“I’ve wanted to be a writer ever since I could remember.”
That is the opening line of a play I first wrote and directed in college, C. Writ 101. The experts say to write what you know; accordingly, my main characters have always been extreme logophiles. So deep and fervent is my love of words and their ways that, ironically, I can hardly find words to express it. Dylan Thomas comes close:
“I fell in love — that is the only expression I can think of — at once, and am still at the mercy of words, though sometimes now, knowing a little of their behavior very well, I think I can influence them slightly and have even learned to beat them now and then, which they appear to enjoy.” (“Poetic Manifesto”, published in Texas Quarterly, Winter 1961)
Dorothy Sayers shared my affinity, if this conversation between two of her main characters is any evidence:
“‘Do you find it easy to get drunk on words?’
‘So easy that, to tell you the truth, I am seldom perfectly sober.'” (Gaudy Night)
I have spent the better part of thirty years writing or planning to write. I knew I loved words. I knew I wanted to be an author. More than that, I wanted to be a storyteller, crafting words into vessels that would share with others the wonder and joy that words always brought to me.
Somewhere along the way, however, I realized that the world around me was rather inundated with words. From magazine headlines in grocery store lines to Spotify ads every ten minutes to cell phone conversations in restaurants, subways, and national parks, words had seeped into every corner of society. This seemed annoying and, at times, mildly ominous; then, in October 2013, I went away for a solitary weekend retreat and read Henri Nouwen’s The Way of the Heart. “Mildly ominous” became “apocolyptically devastating,” and I began to mourn the slow loss of a world that was drowning in noise.
Nouwen laid bare that about which I was subconsciously uneasy:
“ . . . words, my own included, have lost their creative power. Their limitless multiplication has made us lose confidence in words and caused us to think, more often than not, ‘They are just words.’ ”
“The main result of this is that the main function of the word, which is communication, is no longer realized. The word no longer communicates, no longer fosters communion, no longer creates community, and therefore no longer gives life.”
This tiny book shook my wordy soul to its very foundations. I realized that, in many ways, I was not merely an ignorant, acquiescent bystander in the ongoing destruction of the word; nay, I looked in my own hand and found a hardened hammer. I shuddered when I thought of how often I had welcomed the deluge of words and cheerfully lost myself in the distraction, the bewitchment, the self-absorbed complacency of our whirling dervish of a world.

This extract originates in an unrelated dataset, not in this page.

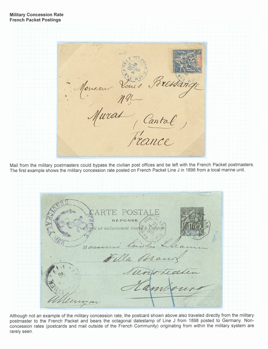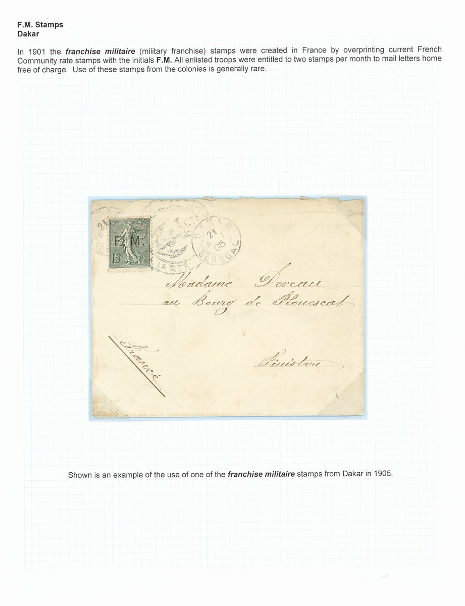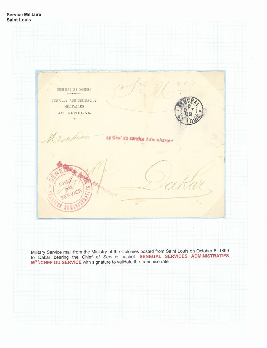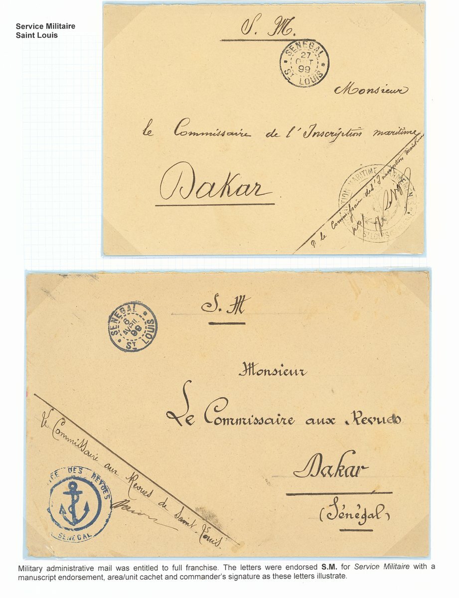 1894-1905, eleven covers or cards, including 1896 cover to Cantal franked 15c. with blue Corr D. Arm Lig. J cancellation, 1898 to Paris franked 25c. with Cce MILre DAKAR/SENEGAL cancellation and octagonal Buenos Ayres-Bordeaux packet datestamp, 1898 reply portion of 10c. + 10c. card from Hamburg with octagonal Cor. D. Arm/Paq. Fr No. 5 cancellation and Military cachet, 1898 and 1899 stampless envelopes from St. Louis to Dakar with different Military cachets, etc. chiefly fine.

I began then to take tiny steps – faltering, stumbling, baby-Bambi-on-a-frozen-lake steps – towards the cultivation of quiet in my own soul. My hope was to reclaim one infinitesimal speck of the power of the word and then, as an author, multiply the quiet and the power by sharing with others. However, I have recently come to the troubling realization that a new author cannot be a “quiet” author. To be heard, one must not only add one’s voice to the cacophonous choir already clamoring for attention; indeed, one must shout louder than any. Just when I was coming to the conclusion that it would be healthy and desirable (for me, at any rate) to turn my back on social media and other affirmation-seeking platforms, I found that my lifelong dreams would be well-nigh impossible without them. Authors need a website. They should have Facebook pages and Twitter accounts. They must – I repeat, MUST – have a blog.
Ergo, here we are. I do not intend to abandon my journey into the hidden power of silence, nor my search for the lost power of the word. Instead, I hope to make this blog part of the adventure, inviting all who wish to share in both the triumphs and the tears. May these electronic pages become a fertile field where true communication can be cultivated, that the word in all of us may be nourished into new and vibrant blossoming.
I chose the name from another Nouwen quote, a few pages further on in The Way of the Heart:
“A word with power is a word that comes out of silence. A word that bears fruit is a word that emerges from the silence and returns to it.”
Thank you for joining me.
Sometimes silence speaks louder than words. Sometimes a thought is more powerful than a spoken sentiment and sometimes written word can change a person’s heart. Your written word and love for storytelling is a blessing to those who chose to follow you on the journey.
Thank you. Written words have definitely changed and shaped my heart. I hope I can do the same for others.